I didn’t say anything to her. I put my coffee down and grabbed my keys and left the house. I got in my car—the gas-guzzling Dodge with lots of horsepower and AC enough to defeat the Texas heat—and I went for a drive around the most conservative suburbs in the country.
* * *
A few things about trees:
Bradford Pears, it was explained to me by the first arborist (a fat round white man with a Tilly hat and a fat black moustache) are notoriously weak trees. I drove out of my subdivision (those things they plop down in Texas that are labyrinths of six-foot-tall fences, wide sidewalks, mowed lawns, and anthills the size of basketballs sliced in half), and I was reminded how many other houses were tucked beneath the shadows of structurally unsound Bradford Pears. Developers plant them because they grow fast and look pretty and sell homes. But if the trees grow for too long, their shit apparently just starts falling on cars and feral stray cats.
Something about a place like Texas is that hardly anything ever looks old. The soil is loose, weak, and few things can take root for a serious length of time. It’s not like the northeast, or even the old growth of the northwest. In the south, the houses and trees are short; the time for which they’re needed even shorter.
My wife and I had specifically looked for a house with some trees, because they seemed in such short supply. We were from the north, and we both liked trees. We’d written a tree into our wedding vows.
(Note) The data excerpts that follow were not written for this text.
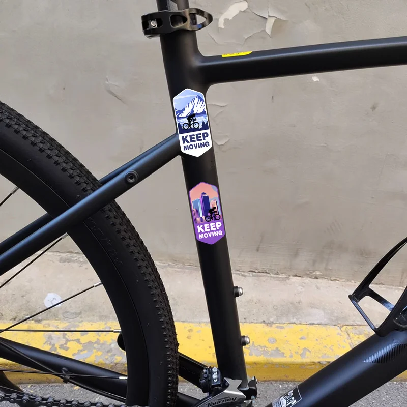 Personalize your ride and fuel your motivation with the Keep Moving Hexagon Bicycle Sticker Set. These vibrant, high-quality decals feature a powerful "KEEP MOVING" slogan set against stunning adventure scenes—from mountain trails to city streets. They're the perfect accessory for any cyclist looking to customize their bike and carry a dose of inspiration on every journey.
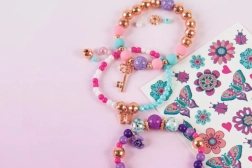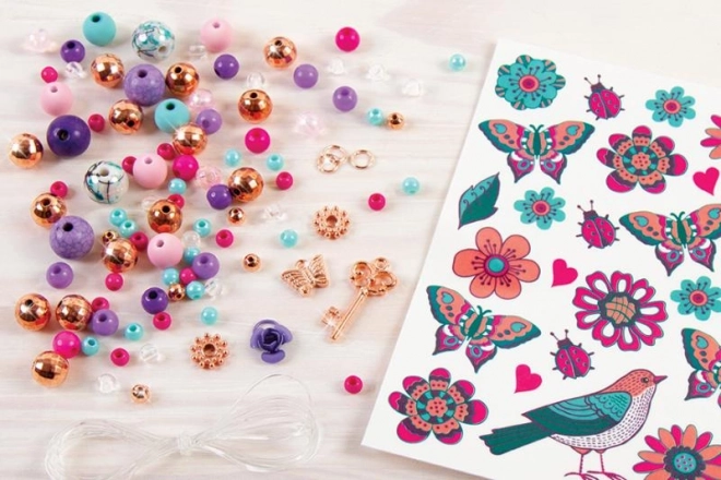 Fejleszd a kreativitásod, és tervezd meg saját virágos karkötőidet, amelyeket ideiglenes tetoválásokkal hangolhatsz össze. A színes gyöngyöknek, medáloknak és az egyszerű felfűzésnek köszönhetően pillanatok alatt olyan ékszerek készülnek, amelyek minden kis parádést megörvendeztetnek.
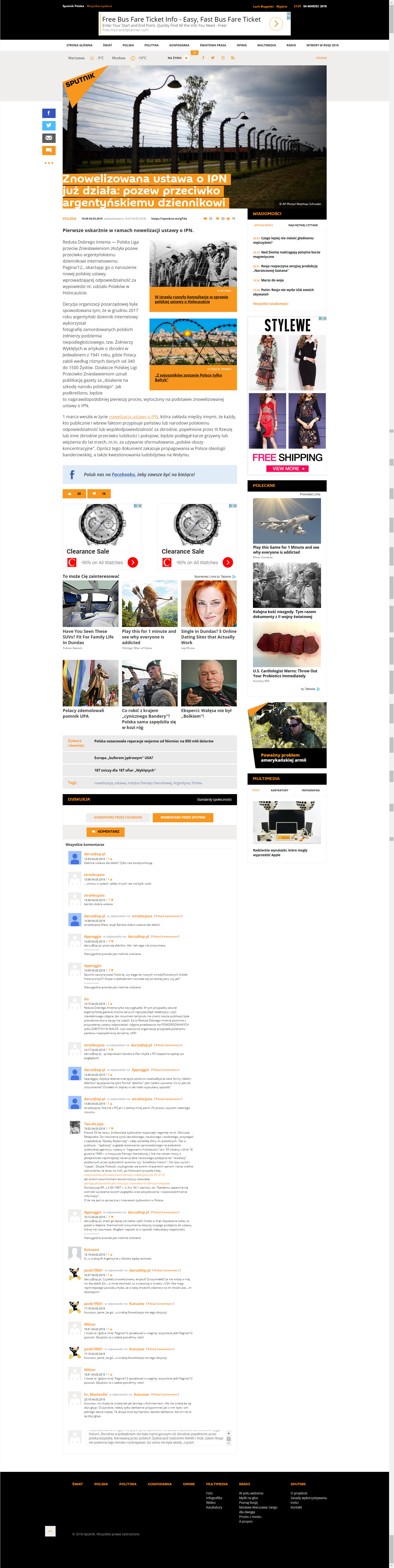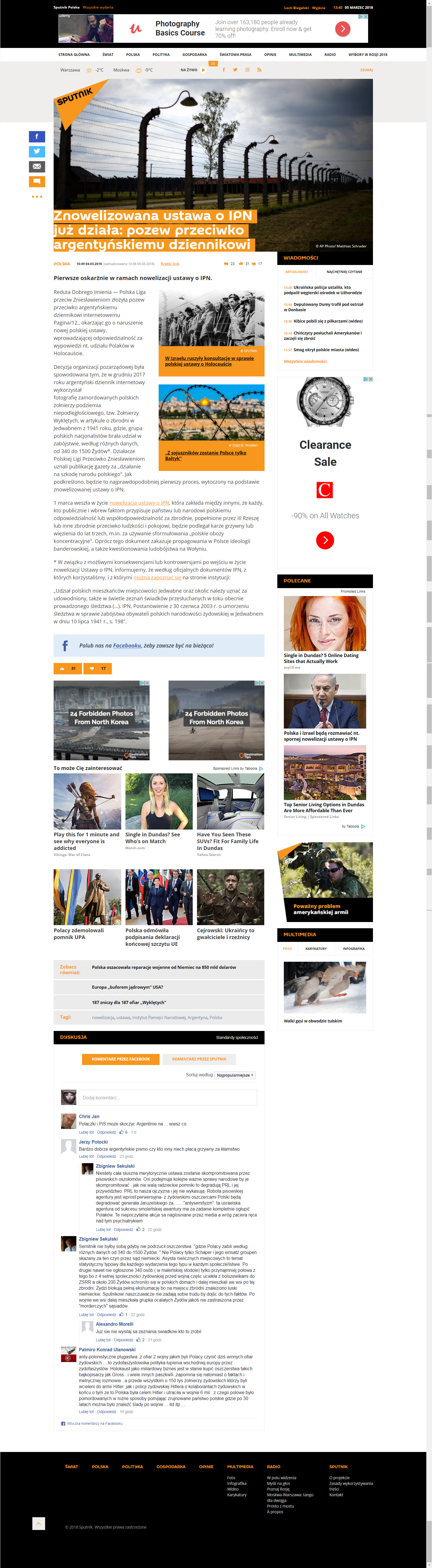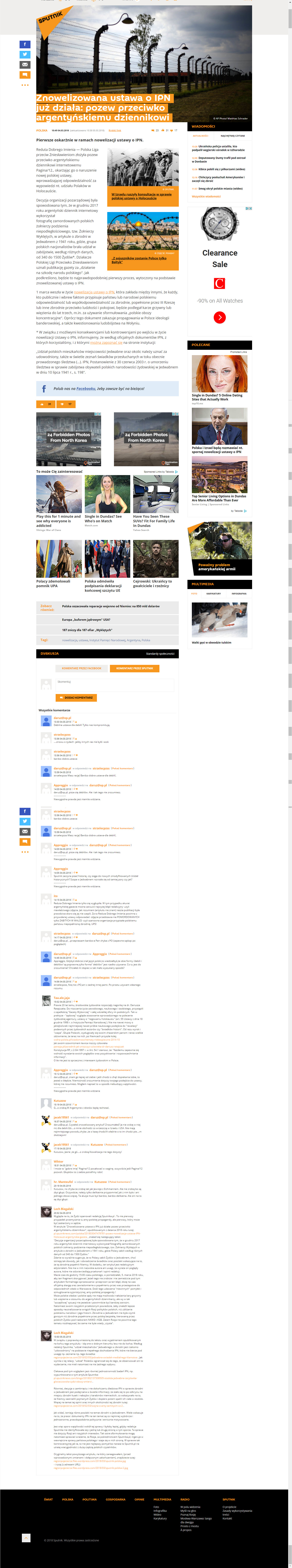 W atrykule „Znowelizowana ustawa o IPN już działa: pozew przeciwko argentyńskiemu dziennikowi”, opublikowanym z datą 4 marca 2018 roku tutaj: https://pl.sputniknews.com/polska/201803047479781-pozew-nowelizacja-ustawa-IPN-Holocaust-argentynska-gazeta , znalazł się następujący tekst:
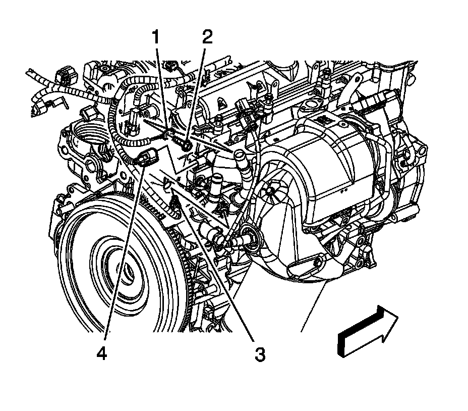 2. Disconnect the engine wiring harness electrical connector (3) from the engine coolant temperature (ECT) sensor.

We both said we were going to be like a tree with two great branches, growing in our own way, but always held together by a unified trunk.
We’d been sold on our house because of the giant agave cactus in the backyard (or maybe that was me) and the giant shady Bradford Pear in the front yard (definitely both of us).
Suckers, I guess. Suckers like the rest of the idiots in my subdivision.
* * *
I am not a fast driver by nature, especially not in Texas. I resented the hazardous, maniacal, me-first way those fucks drove so much that in protest I became a very good driver. But that morning, it was bright, sunny, and there weren’t a lot of cars out, and I pushed it. I had the needle in the sixties when the posted speed was thirty, ninety when it was sixty. I was flying (for me). I had a CD in the player—Radiohead’s OK Computer—and I turned it up. She called and called. I didn’t answer. I drove and stayed out until the light started to fade.
I don’t believe in God. Lost my faith when I talked too long to some Jehovah’s Witnesses and discovered that really, when pushed (and they can be pushy), I believe faith is lunacy. So I’d put a lot of redirected faith into my marriage; I’d built up its importance. The man who writes goofy metaphors and promises he can’t keep into his wedding vows is a man who is goofy and unrealistic when it comes to his marriage.
These were the things I knew that day, driving under that Texas sun:
My marriage was splitting apart. The road ahead was empty.
You can’t really drive fast enough or angrily enough at such times, but I eventually calmed down and went home. She apologized profusely. She hadn’t meant it; it was all stuff she was “just thinking” about, and she didn’t know if any of it was true. I accepted her apology, because I was the kind of guy who bought a house because the Bradford Pear in the front yard looked nice.
But the Bradford Pear is not a very strong tree, and two months later I moved out. Went back to the northeast without her.